Lynne Vezina owns Vermont Family Pharmacy on North Avenue — one of just two remaining independent pharmacies in the city of Burlington. Last week found her pitching 20 seniors at the nearby Heineberg Senior Center. She assured them that her store caters to their individual needs, while chains like Rite Aid and CVS do not.
CVS, top dog in Big Pharma's retail realm, opened an outlet on Burlington's Church Street Marketplace in August. It's more mini-mart than pharmacy, with its prescription counter wedged into a far corner of the space previously occupied by City Sports. In joining the Rite Aid, Walgreens and Kinney Drugs chains doing business in the Queen City, CVS is heightening competitive pressures on Vezina's New North End operation and on locally owned Lakeside Pharmacy on Pearl Street.

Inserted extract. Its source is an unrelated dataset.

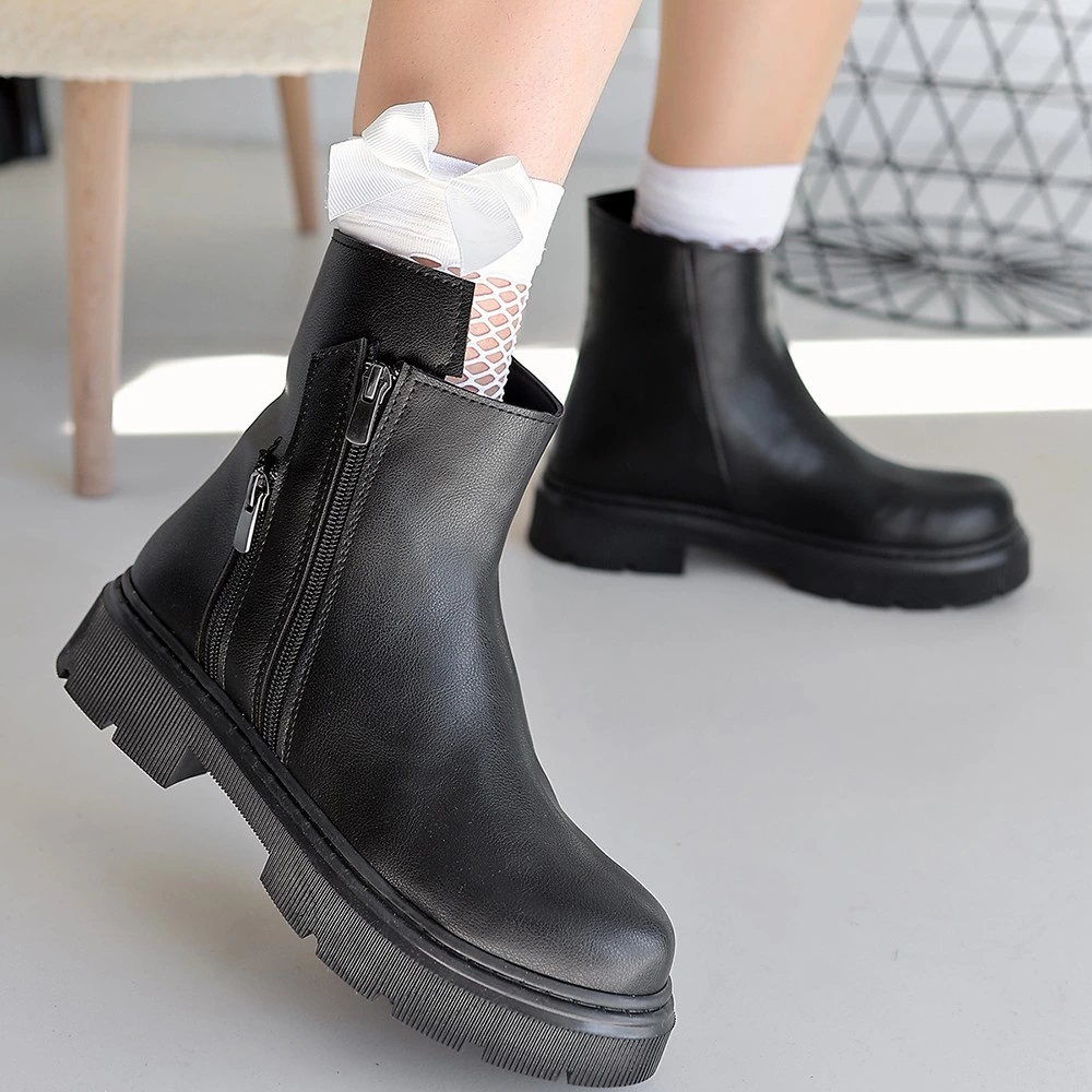 Menta Siyah Cilt Fermuar Aksesuarlı Bot (Numara: 37)

In addition to being "always available to discuss insurance issues and medication," her pharmacy makes free deliveries two days a week, Vezina told the elders. The store her father opened in a clapboard former residence in 1983 stocks plenty of useful merchandise, too, she noted: commodes, ice tips for canes and "compression stockings in fashionable styles."
Some of her mostly female listeners nodded approvingly from their rocking chairs. One of them, Hilda Carrier, said the pharmacy had delivered meds for 30 years to her now-deceased husband, Marcel Carrier, who was paralyzed by a dive into shallow water at Porters Point on Lake Champlain. Vezina's father, Manny Chernoff, "knew how to get into the house" if her husband was napping, Carrier related. "They took good care of him, medically and mentally."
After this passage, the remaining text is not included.